The ALJ has a basic obligation both to develop a full and fair record and to “build an accurate and logical bridge between the evidence and the result [so as] to afford the claimant meaningful judicial review of the administrative findings.” Beardsley, 758 F.3d at 837. Although the ALJ is not required to mention every piece of evidence in the record, the ALJ's analysis “must provide some glimpse into the reasoning behind[his] decision to deny benefits.” Zurawski v. Halter, 245 F.3d 881, 889 (7th Cir. 2001); accord Craft v. Astrue, 539 F.3d 668, 673 (7th Cir. 2008). The ALJ “must explain [the ALJ's] analysis of the evidence with enough detail and clarity to permit meaningful appellate review.” Scrogham v. Colvin, 765 F.3d 685, 695 (7th Cir. 2014) (quoting Briscoe, 425 F.3d at 351). Thus, even if reasonable minds could differ as to whether the claimant is disabled, courts will affirm a decision if the ALJ's opinion is adequately explained and supported by substantial evidence. Elder, 529 F.3d at 413.

II. Analysis

Plaintiff argues that the ALJ (1) erred at step 3 by not finding that Listing 12.05 (concerning intellectual disorders) was equaled or met, (2) erred in evaluating Plaintiff's subjective symptom statements, (3) improperly cherry-picked evidence from the consultative examinations in determining Plaintiff's RFC, and (4) failed to support the finding at step 5 that Plaintiff could work. [Dkt. 23, Pl.'s Mem. at 7-15; dkt. 42, Pl.'s Reply at 1-5.] The Commissioner argues in opposition that the ALJ properly supported her conclusions at each step of her analysis with substantial evidence. [Dkt. 39, Def.'s Mem. at 7-19.] For the reasons that follow, the Court affirms the ALJ's decision.

A. Listing 12.05

Plaintiff argues that the ALJ erred at step 3 by improperly determining that Listing 12.05 was neither equaled nor met. [Pl.'s Br. at 8-11.] As relevant here, Listing 12.05B requires a fullscale IQ score of 71-75 as well as a verbal or performance IQ score of 70 or below and “significant deficits in adaptive functioning currently manifested by extreme limitation of one, or marked limitation of two,” of the 4 listed areas of mental functioning: (1) understanding, remembering, or applying information; (2) interacting with others; (3) concentrating, persisting, or maintaining pace; and (4) adapting or managing oneself. 20 C.F.R. Pt. 404, Subpt. P, App. 1, § 12.05. As the ALJ explained, “[a] marked limitation means functioning in this area independently, appropriately, effectively and on a sustained basis is seriously limited.” [R. 17.] Because the ALJ found that Plaintiff met the IQ-score prong, only the adaptive-functioning prong is at issue. [R. 19.] Plaintiff contends that the ALJ erroneously concluded that Plaintiff “ha[d] no more than moderate limitations in his adaptive functioning,” rather than marked limitations, by committing numerous errors in evaluating each of the 4 areas of mental functioning. [Pl.'s Mem. at 8-11.] The Court evaluates the ALJ's decision under the highly deferential substantial-evidence standard, and concludes that Plaintiff's contentions are unavailing because they amount to a mere disagreement with the ALJ's weighing of the record evidence. See Beardsley, 758 F.3d at 836-37.
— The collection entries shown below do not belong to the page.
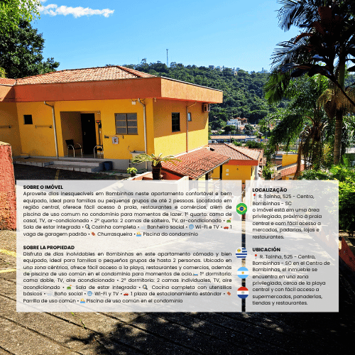 Situado na Rua Taínha, no Centro de Bombinhas, o imóvel está em uma área privilegiada, próxima à praia central e com fácil acesso a mercados, padarias, lojas e restaurantes.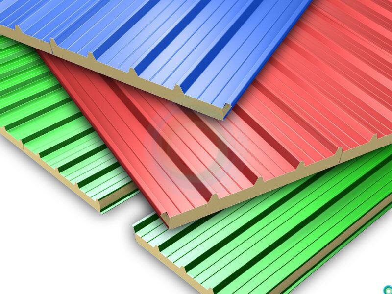 Чаще всего покрытием сэндвич-панелей служит оцинкованная сталь. Она надежно защищает утеплитель от влаги, ультрафиолета и других агрессивных воздействий, и сама успешно противостоит им. Используется преимущественно для наружных стен, а также кровельных конструкций.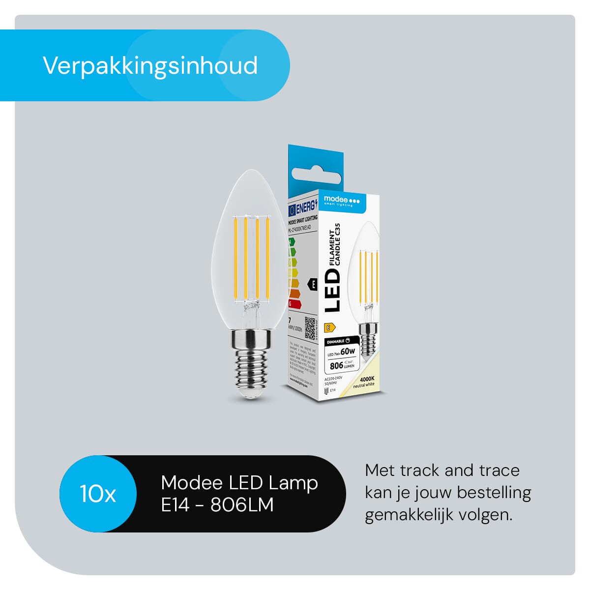 Modee E14 LED Lamp Dimbaar 7W – 806lm – 4000K – Neutraal Wit – LED Filament Kaarslamp B35 – Vervangt 50W Halogeen Gloeilamp – 10 stuks

First, as to understanding, remembering, and applying information, Plaintiff takes issue with the ALJ's finding of a moderate limitation, but acknowledges that the ALJ evaluated evidence on which Plaintiff now relies: Plaintiff had cognitive delays as shown by his school records, needed instructions repeated, and had some memory deficits during treatment. [Pl.'s Br. at 9-10; see R. 17 (citing 532-600 (school records), 368-69, 373, 382, 386-87, 401, 406, 413-14, 422-32 (treatment notes)).] The ALJ concluded, however, that this evidence did not warrant greater than a moderate limitation when considered alongside reports of Plaintiff's memory being “generally intact” throughout his treatment and his 2012 diagnosis of borderline intellectual functioning. [R. 17 (citing R. 468 (treatment note), 631 (2012 consultative examination)).] Although Plaintiff would have preferred that the ALJ emphasized the earlier testing and reports from school and the treatment reports that his memory was impaired, the ALJ instead looked at all the evidence and placed more weight on the treatment reports of intact memory and Plaintiff's more recent diagnosis of borderline intellectual functioning, [R. 631, 635], as opposed to a more severe condition, like an intellectual disability. Based on this record and the deferential standard, the Court cannot conclude that the ALJ committed error in finding that any intellectual and memory deficits caused no more than a moderate limitation on Plaintiff's ability to understand, remember, and apply information. See Beardsley, 758 F.3d at 836-37 (the Court reviews the record as a whole to determine whether substantial evidence exists, but cannot substitute its judgment for the ALJ's by reweighing the evidence).

Borderline intellectual functioning is a “[d]isability marked by deficits in adaptive, intellectual, or social and interpersonal functioning that do not meet accepted criteria for intellectual disability or mental retardation.” Borderline Intellectual Functioning, TABER'S MEDICAL DICTIONARY, available at https://www.tabers.com/tabersonline/view/Tabers-Dictionary/773834/0/borderlineintellectualfunctioning?q=borderline+functioning+intellectual (last visited July 8, 2022).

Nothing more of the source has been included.